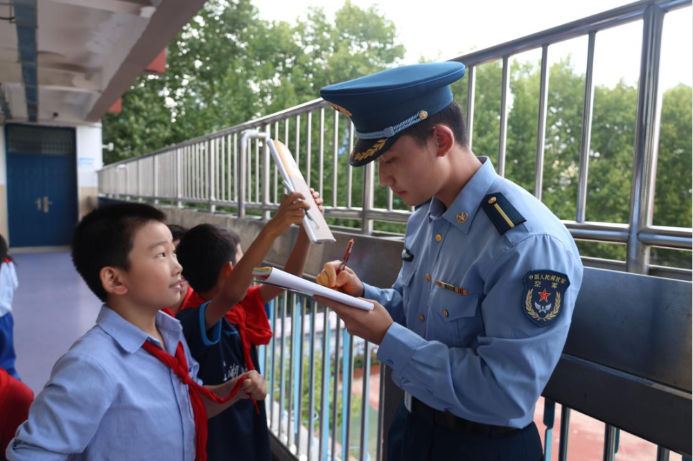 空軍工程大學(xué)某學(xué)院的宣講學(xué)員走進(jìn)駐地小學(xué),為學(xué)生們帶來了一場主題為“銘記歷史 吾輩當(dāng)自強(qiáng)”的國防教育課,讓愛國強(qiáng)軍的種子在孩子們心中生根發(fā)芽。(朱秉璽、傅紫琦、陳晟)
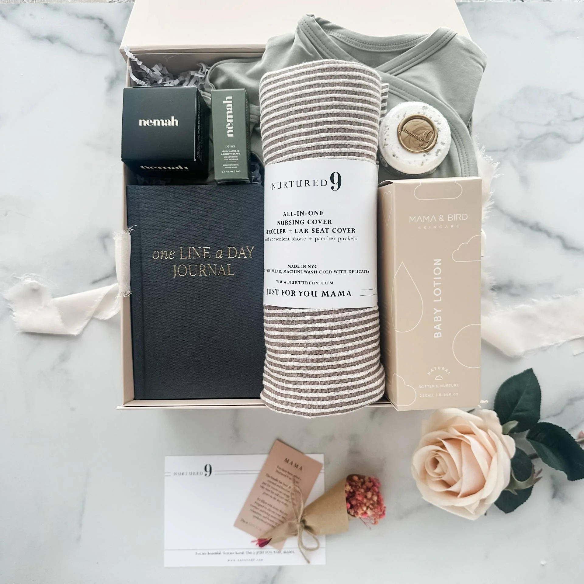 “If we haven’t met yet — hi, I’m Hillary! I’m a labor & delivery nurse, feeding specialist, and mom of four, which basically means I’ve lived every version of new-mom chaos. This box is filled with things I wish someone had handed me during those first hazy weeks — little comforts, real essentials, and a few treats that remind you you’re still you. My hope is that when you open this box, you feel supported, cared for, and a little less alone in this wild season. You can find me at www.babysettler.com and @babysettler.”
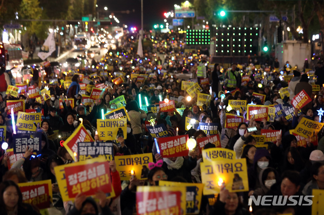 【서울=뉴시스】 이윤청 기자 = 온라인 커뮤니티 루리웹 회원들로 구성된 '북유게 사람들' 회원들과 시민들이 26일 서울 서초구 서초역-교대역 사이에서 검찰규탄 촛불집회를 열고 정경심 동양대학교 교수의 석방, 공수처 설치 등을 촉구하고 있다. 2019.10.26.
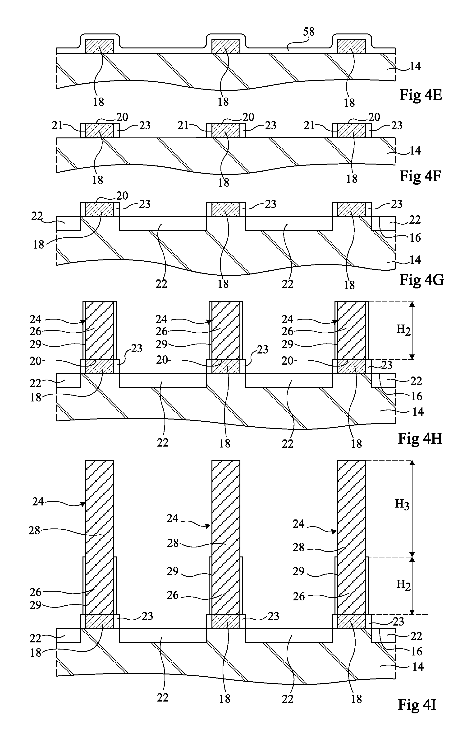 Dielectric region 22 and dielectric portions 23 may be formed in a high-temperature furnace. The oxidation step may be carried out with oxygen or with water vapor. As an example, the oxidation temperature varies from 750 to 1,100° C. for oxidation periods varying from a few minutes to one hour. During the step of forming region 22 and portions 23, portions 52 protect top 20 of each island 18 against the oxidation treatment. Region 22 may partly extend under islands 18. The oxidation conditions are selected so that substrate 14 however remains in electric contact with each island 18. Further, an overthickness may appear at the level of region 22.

• [EXERCISE]:
Set down word for word each line from the one containing "we haven’t met" through the end of the material, and keep the pictures out of it.

• [TASK RESPONSE]:
 “If we haven’t met yet — hi, I’m Hillary! I’m a labor & delivery nurse, feeding specialist, and mom of four, which basically means I’ve lived every version of new-mom chaos. This box is filled with things I wish someone had handed me during those first hazy weeks — little comforts, real essentials, and a few treats that remind you you’re still you. My hope is that when you open this box, you feel supported, cared for, and a little less alone in this wild season. You can find me at www.babysettler.com and @babysettler.”
 【서울=뉴시스】 이윤청 기자 = 온라인 커뮤니티 루리웹 회원들로 구성된 '북유게 사람들' 회원들과 시민들이 26일 서울 서초구 서초역-교대역 사이에서 검찰규탄 촛불집회를 열고 정경심 동양대학교 교수의 석방, 공수처 설치 등을 촉구하고 있다. 2019.10.26.
 Dielectric region 22 and dielectric portions 23 may be formed in a high-temperature furnace. The oxidation step may be carried out with oxygen or with water vapor. As an example, the oxidation temperature varies from 750 to 1,100° C. for oxidation periods varying from a few minutes to one hour. During the step of forming region 22 and portions 23, portions 52 protect top 20 of each island 18 against the oxidation treatment. Region 22 may partly extend under islands 18. The oxidation conditions are selected so that substrate 14 however remains in electric contact with each island 18. Further, an overthickness may appear at the level of region 22.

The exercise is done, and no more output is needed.